▸ Exercise brief:
Copy the listing exactly, leaving out every picture.

▸ Records provided:
______________________________
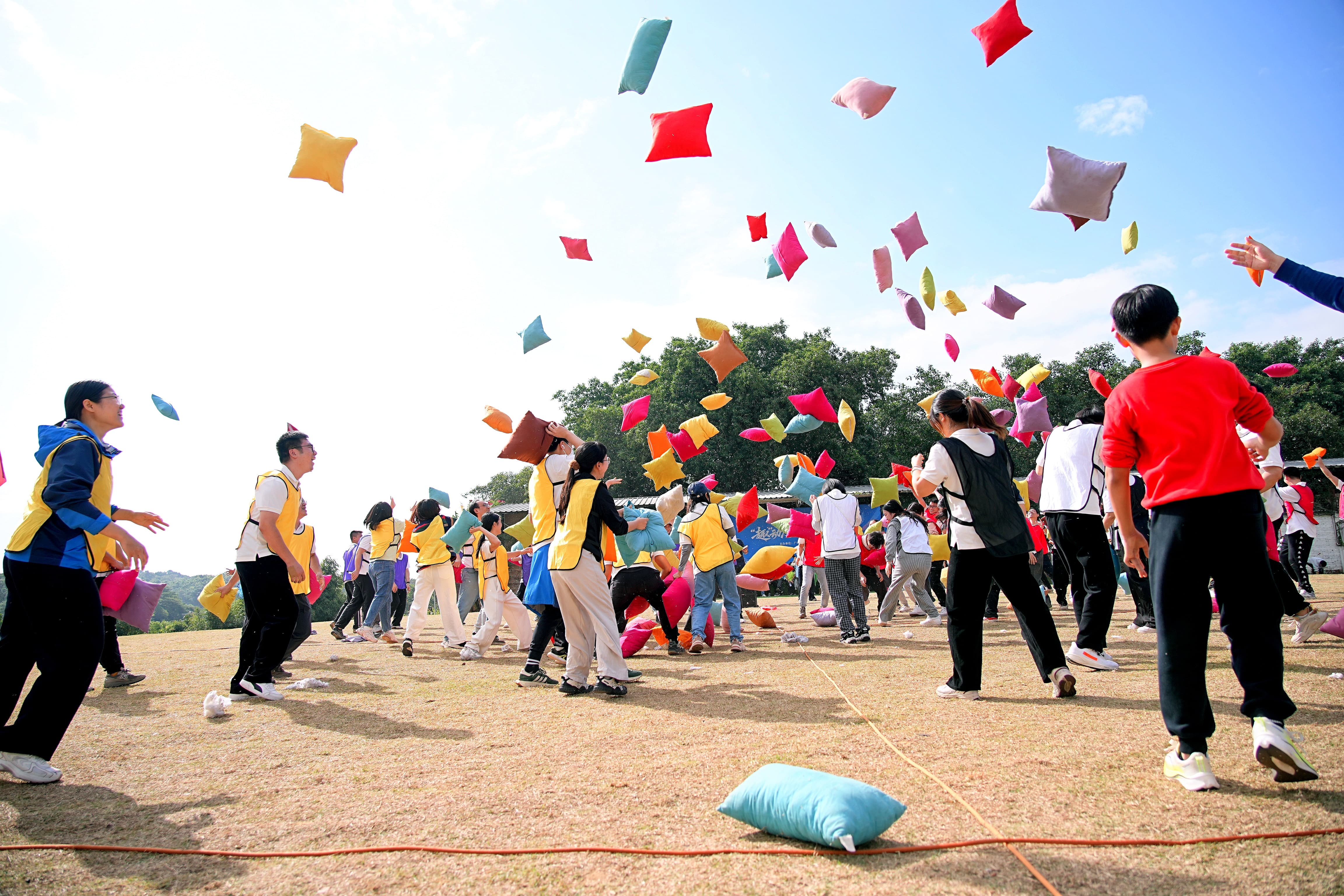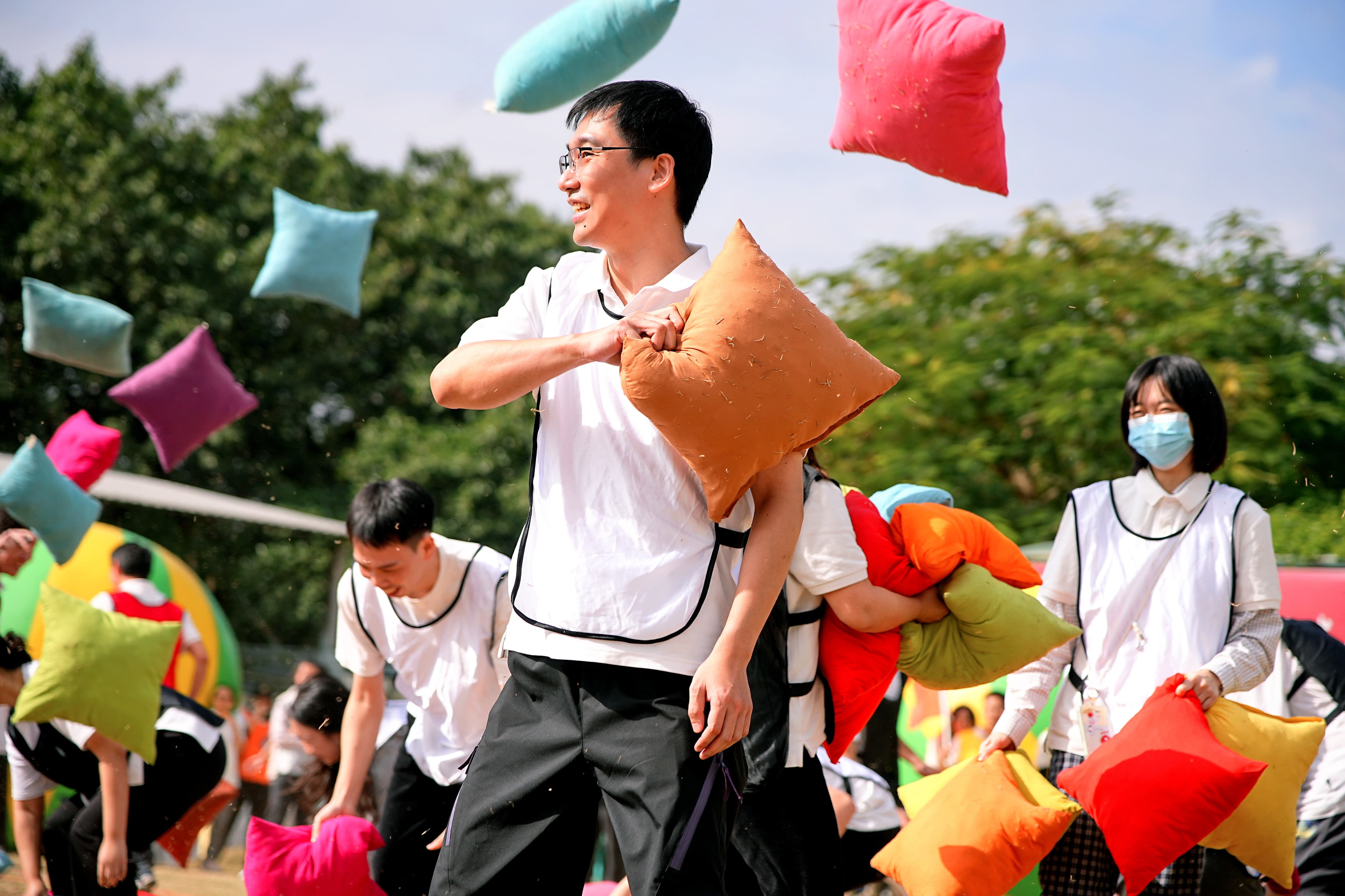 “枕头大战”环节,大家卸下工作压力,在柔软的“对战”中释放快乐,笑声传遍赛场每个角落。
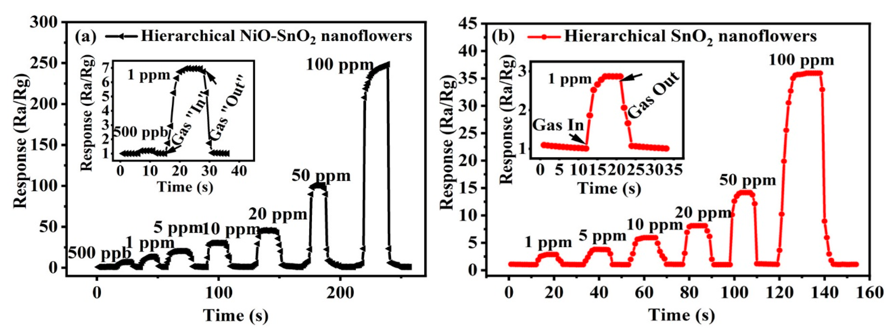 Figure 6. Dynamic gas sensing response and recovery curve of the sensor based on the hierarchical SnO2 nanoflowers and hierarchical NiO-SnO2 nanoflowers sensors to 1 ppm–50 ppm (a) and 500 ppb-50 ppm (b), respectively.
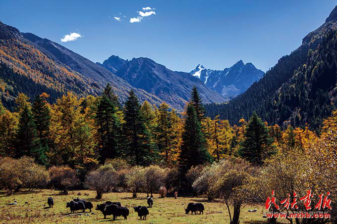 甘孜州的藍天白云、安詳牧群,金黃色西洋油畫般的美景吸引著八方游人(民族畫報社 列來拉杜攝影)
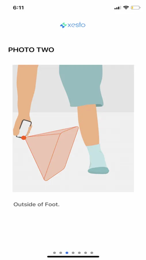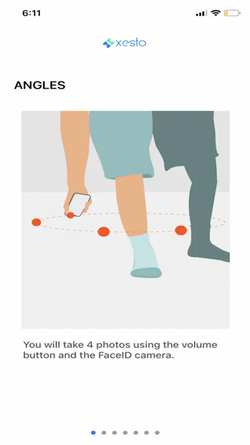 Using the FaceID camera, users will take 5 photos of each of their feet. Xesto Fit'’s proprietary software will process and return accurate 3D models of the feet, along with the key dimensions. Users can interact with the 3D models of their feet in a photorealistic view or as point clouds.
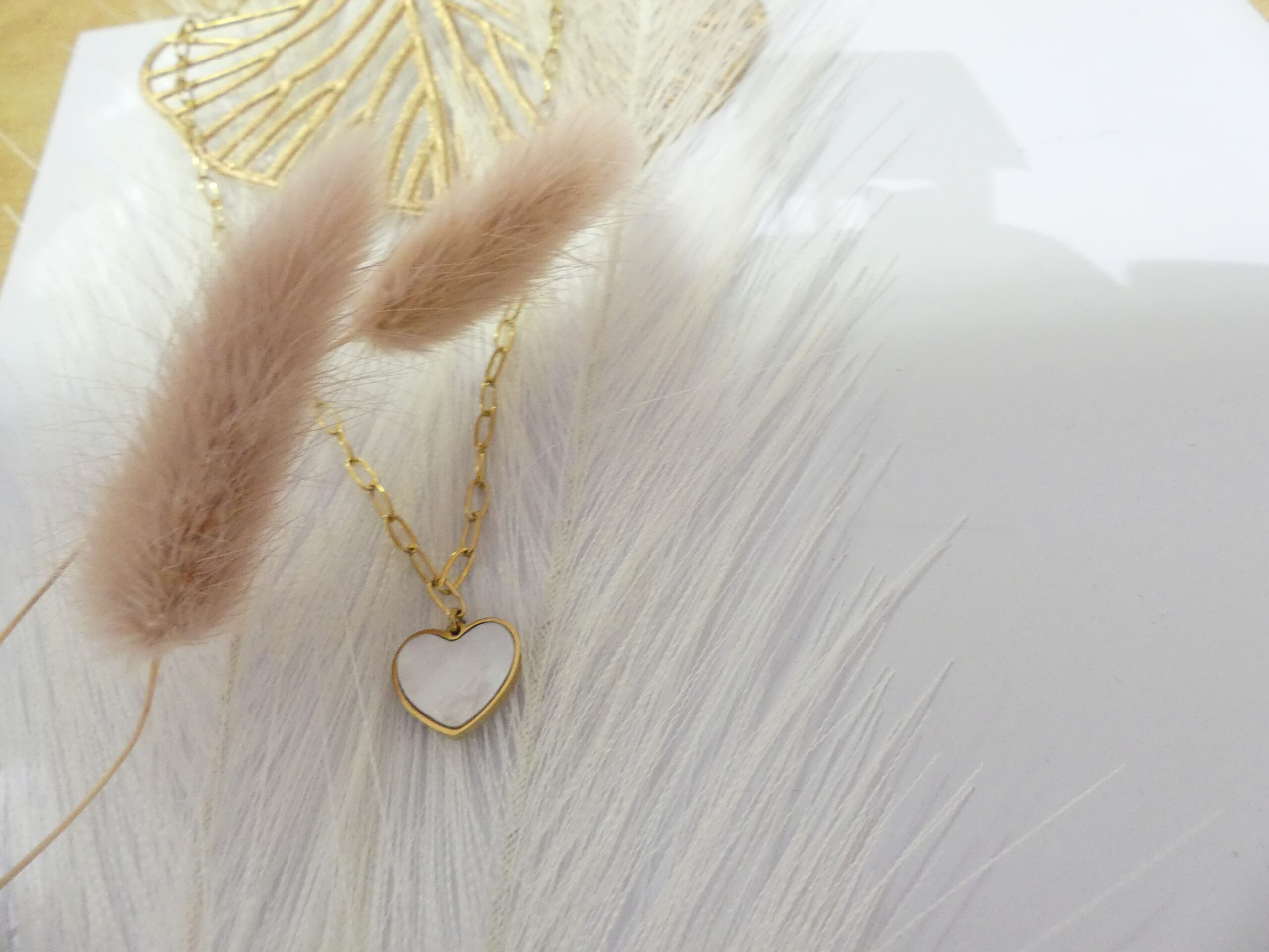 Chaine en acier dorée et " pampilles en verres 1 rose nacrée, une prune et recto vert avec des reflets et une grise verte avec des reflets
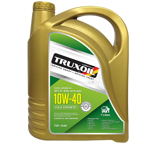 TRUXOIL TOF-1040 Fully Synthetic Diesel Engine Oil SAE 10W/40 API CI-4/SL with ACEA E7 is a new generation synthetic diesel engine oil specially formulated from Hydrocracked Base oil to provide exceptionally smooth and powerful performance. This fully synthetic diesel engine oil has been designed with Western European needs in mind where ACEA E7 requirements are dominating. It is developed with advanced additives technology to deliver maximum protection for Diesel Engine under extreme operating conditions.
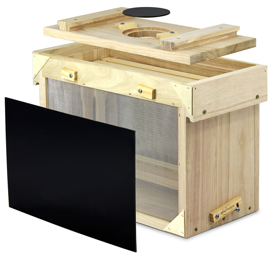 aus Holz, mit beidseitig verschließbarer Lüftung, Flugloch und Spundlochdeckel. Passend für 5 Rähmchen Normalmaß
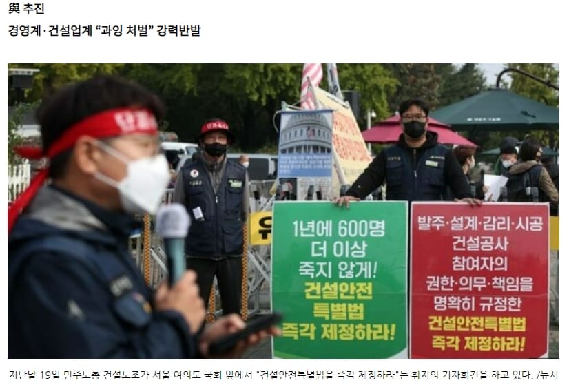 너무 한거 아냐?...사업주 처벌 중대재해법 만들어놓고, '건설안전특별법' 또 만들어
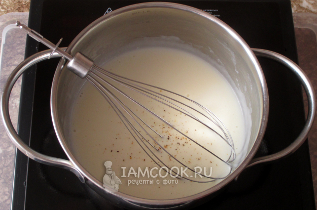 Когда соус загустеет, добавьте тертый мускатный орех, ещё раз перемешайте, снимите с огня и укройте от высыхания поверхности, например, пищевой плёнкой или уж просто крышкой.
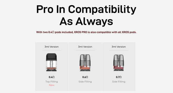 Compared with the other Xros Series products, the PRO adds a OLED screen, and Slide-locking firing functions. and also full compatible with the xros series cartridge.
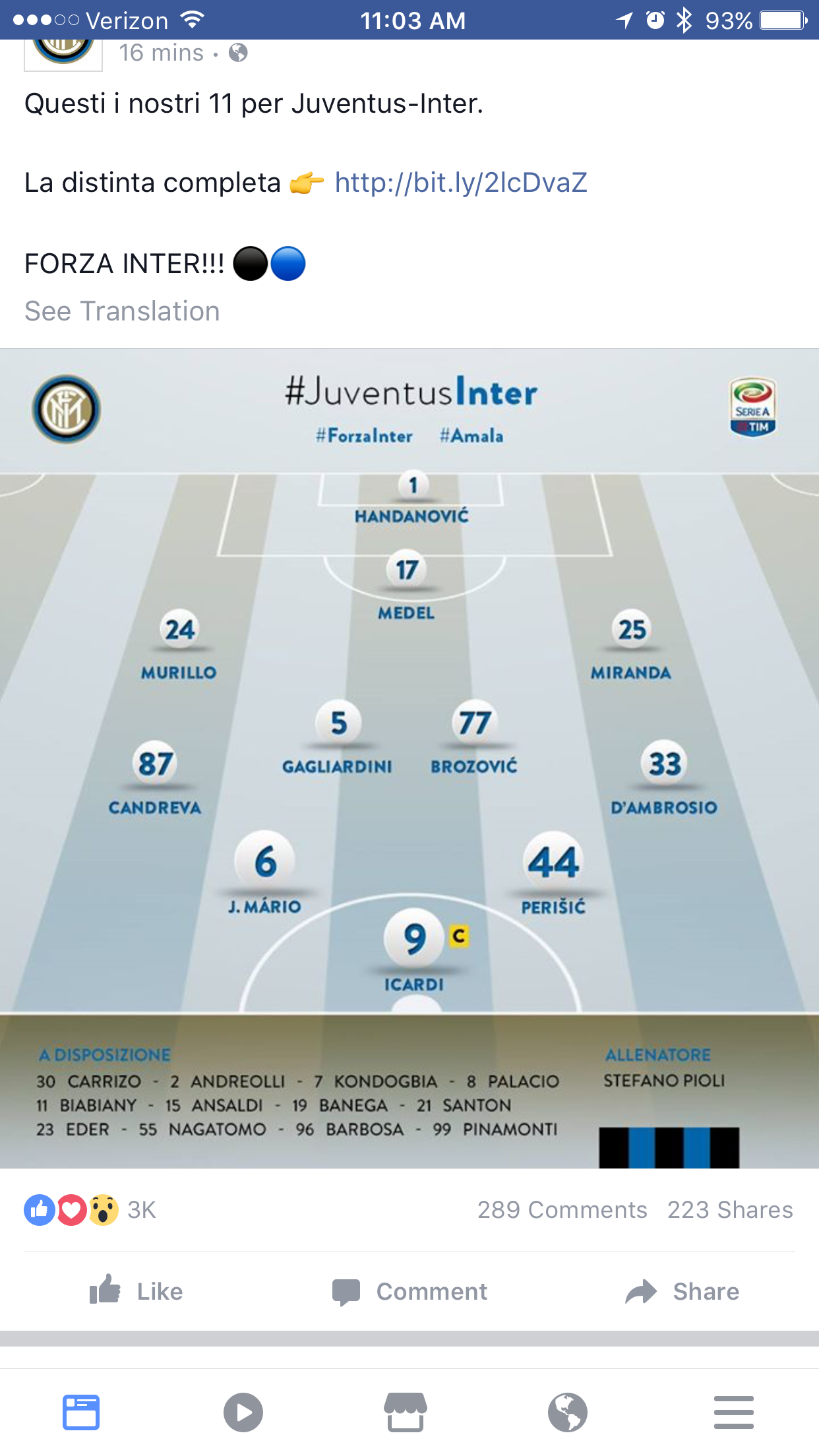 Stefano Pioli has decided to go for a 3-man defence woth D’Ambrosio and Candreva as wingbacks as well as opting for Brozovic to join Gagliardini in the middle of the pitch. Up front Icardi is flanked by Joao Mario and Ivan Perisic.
______________________________
▸ Solution to the problem:
 “枕头大战”环节,大家卸下工作压力,在柔软的“对战”中释放快乐,笑声传遍赛场每个角落。
 Figure 6. Dynamic gas sensing response and recovery curve of the sensor based on the hierarchical SnO2 nanoflowers and hierarchical NiO-SnO2 nanoflowers sensors to 1 ppm–50 ppm (a) and 500 ppb-50 ppm (b), respectively.
 甘孜州的藍天白云、安詳牧群,金黃色西洋油畫般的美景吸引著八方游人(民族畫報社 列來拉杜攝影)
 Using the FaceID camera, users will take 5 photos of each of their feet. Xesto Fit'’s proprietary software will process and return accurate 3D models of the feet, along with the key dimensions. Users can interact with the 3D models of their feet in a photorealistic view or as point clouds.
 Chaine en acier dorée et " pampilles en verres 1 rose nacrée, une prune et recto vert avec des reflets et une grise verte avec des reflets
 TRUXOIL TOF-1040 Fully Synthetic Diesel Engine Oil SAE 10W/40 API CI-4/SL with ACEA E7 is a new generation synthetic diesel engine oil specially formulated from Hydrocracked Base oil to provide exceptionally smooth and powerful performance. This fully synthetic diesel engine oil has been designed with Western European needs in mind where ACEA E7 requirements are dominating. It is developed with advanced additives technology to deliver maximum protection for Diesel Engine under extreme operating conditions.
 aus Holz, mit beidseitig verschließbarer Lüftung, Flugloch und Spundlochdeckel. Passend für 5 Rähmchen Normalmaß
 너무 한거 아냐?...사업주 처벌 중대재해법 만들어놓고, '건설안전특별법' 또 만들어
 Когда соус загустеет, добавьте тертый мускатный орех, ещё раз перемешайте, снимите с огня и укройте от высыхания поверхности, например, пищевой плёнкой или уж просто крышкой.
 Compared with the other Xros Series products, the PRO adds a OLED screen, and Slide-locking firing functions. and also full compatible with the xros series cartridge.
 Stefano Pioli has decided to go for a 3-man defence woth D’Ambrosio and Candreva as wingbacks as well as opting for Brozovic to join Gagliardini in the middle of the pitch. Up front Icardi is flanked by Joao Mario and Ivan Perisic.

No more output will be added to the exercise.